2. The suspension of claim 1 wherein the shape memory alloy segment
comprises nickel-titanium.
3. The suspension of claim 1 wherein a distal end of the gimbal has
two parallel flexure beams connected by a cross beam, and the cross
beam defines an attachment pad that is secured to a top surface of
the slider.
4. The suspension of claim 3 further comprising a second shape
memory alloy segment attached to the gimbal, wherein one shape
memory alloy segment is attached to each of the flexure beams of
the gimbal.
5. The suspension of claim 3 further comprising a plurality of
shape memory alloy segments attached to each of the flexure beams
to span a substantial portion of the length of the flexure
beams.
6. The suspension of claim 3 further comprising nine additional
shape memory alloy segments attached to the gimbal, wherein five
shape memory alloy segments are attached to each of the flexure
beams of the gimbal.
7. The suspension of claim 6 wherein each of the five shape memory
alloy segments on each of the flexure beams has a different
transition temperature.
8. The suspension of claim 7 wherein the transition temperatures
comprise: 40.degree., 50.degree., 55.degree., 60.degree., and
65.degree. Celcius.
9. The suspension of claim 3 wherein the gimbal is attached to a
lower surface of the load beam.
10. The suspension of claim 3 wherein the gimbal is attached to an
upper surface of the load beam.
11. The suspension of claim 3 wherein the gimbal is integrated with
the load beam.
12. A disc drive comprising: a head disc assembly having a base
plate and a top cover enclosing a drive motor carrying a disc and
an actuator assembly having an actuator arm; a suspension having
one end connected to a slider and an opposite end connected to the
actuator arm; and at least one shape memory alloy segment attached
to the suspension for moving the slider between a contracted state
away from the disc when temperature within the head disc assembly
increases and a relaxed state near the disc when temperature within
the head disc assembly decreases.
13. The disc drive of claim 12 wherein the shape memory alloy is
nickel-titanium.
14. The disc drive of claim 12 wherein at least three shape memory
alloy segments are attached to opposite sides of the
suspension.
15. The disc drive of claim 14 wherein each of the shape memory
alloy segments on each side of the suspension are composed of a
different shape memory alloy.
16. The disc drive of claim 14 wherein each of the shape memory
alloy segments on each side of the suspension have a different
transition temperature.
17. The disc drive of claim 12 wherein the suspension comprises: a
load beam having a proximal end and a distal end, wherein the
proximal end is attached to the actuator arm, and the distal end
forms a tongue having a dimple formed on a lower surface of the
tongue for transferring a preload force to the slider; and a gimbal
attached to the distal end of the load beam, one end of the gimbal
forming a cutout region bordered by two side arms and a cross beam,
the cross beam defining an attachment pad attached to the slider,
wherein the dimple of the load beam protrudes through the cutout
region to make contact with the slider and to permit the slider to
pivot about the dimple.
18. The apparatus of claim 17 wherein a plurality of memory alloy
segments are attached to each of the gimbal side arms.

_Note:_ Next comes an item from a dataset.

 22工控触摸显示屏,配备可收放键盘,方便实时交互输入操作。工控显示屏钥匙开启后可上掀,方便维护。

19. The apparatus of claim 18 wherein the shape memory alloy
segments are centered about the dimple.
20. An apparatus for providing passive control of flying height of
a slider over a disc within a head disc assembly in a disc drive,
the head disc assembly having a base plate and a top cover
enclosing a drive motor about which the disc spins and an actuator
assembly having an actuator arm, the apparatus comprising: a
suspension having one end connected to a slider and an opposite end
connected to the actuator arm, wherein the slider flies above the
disc at a predetermined flying height; and means attached to the
suspension for increasing the flying height of the slider when the
temperature in the head disc assembly increases and decreasing the
flying height of the slider when the temperature decreases.
21. The apparatus for claim 20 wherein: the suspension comprises a
load beam attached at one end to the actuator arm and a gimbal
positioned at another end of the load beam, wherein the means is
attached to the gimbal.
22. The apparatus of claim 20 wherein the means comprises: at least
one shape memory alloy segment.
23. The disc drive of claim 20 wherein the means comprises: at
least three shape memory alloy segments attached to opposite sides
of the suspension.
24. The disc drive of claim 20 wherein the means comprises: at
least one nickel-titanium segment.
Description
RELATED APPLICATIONS
[0001] This application claims the benefit of priority of U.S.

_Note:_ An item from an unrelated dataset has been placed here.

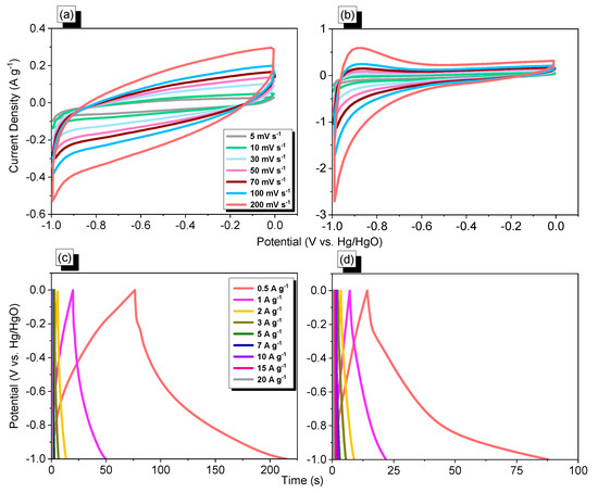 We used 1 M KOH aqueous solution as the electrolyte in a three-electrode system and compared the electrochemical performance of Py-BSU CMP and TBN-BSU CMP by cyclic voltammetry (CV) and galvanostatic charge–discharge (GCD). The working electrode, counter electrode, and reference electrode of the three-electrode system are composed of glassy carbon, platinum, and Hg/HgO, respectively. The CV curves of Py-BSU CMP and TBN-BSU CMP at scan rates from 5 to 200 mV s−1 are shown in Figure 5a,b, and the overall leaf-like shape suggests a response originating from the electric double-layer capacitance (EDLC). Among them, as the scan rate increased from 5 to 200 mV s−1, the maintained shape of the CV curves indicates the excellent rate capability of the material. Figure 5c,d report the GCD curves detected at current densities ranging from 0.5 to 20 A g−1. Slightly curved triangles are characteristic of EDLC.

Provisional Patent Application Serial No. 60/269,924 entitled
"PASSIVE ADAPTIVE FH CONTROL FOR TPTR," filed Feb. 19, 2001.
FIELD OF THE INVENTION
[0002] This application relates to magnetic disc drives and more
particularly to a disc drive having shape memory alloys in an
actuator arm suspension for providing passive control of the flying
height of a read/write head.
BACKGROUND OF THE INVENTION
[0003] Disc drives are data storage devices that store digital data
in magnetic form on a rotating information storage disc. Modern
disc drives comprise one or more rigid information storage discs
that are coated with a magnetizable medium and mounted on the hub
of a spindle motor for rotation at a constant high speed.
Information is stored on the discs in a plurality of concentric
circular tracks typically by an array of transducers or "heads"
fixed to a slider mounted on a radial actuator arm for movement of
the heads in an arc across the surface of the discs.
[0004] The actuator arms are driven by an actuator assembly located
adjacent to the disc(s) in the disc drive. The actuator assembly
includes a plurality of actuator arms. One or more suspensions are
attached to the distal end of each actuator arm, where each
suspension includes a rigid load beam for supporting each head of
the disc drive above the disc. Suspensions are formed with a bend
section that exerts a pre-load force on the head toward the
disc.
[0005] Each of the concentric tracks is generally divided into a
plurality of separately addressable data sectors. The recording
transducer, e.g. a magnetoresistive read/write head or pole, is
used to transfer data between a desired track and an external
environment. During a write operation, data is written onto the
disc track and during a read operation the head senses the data
previously written on the disc track and transfers the information
to a host computing system. The overall capacity of the disc drive
to store information is dependent upon the disc drive recording
density. It is of particular importance in the disc drive art to
maximize the disc drive recording density.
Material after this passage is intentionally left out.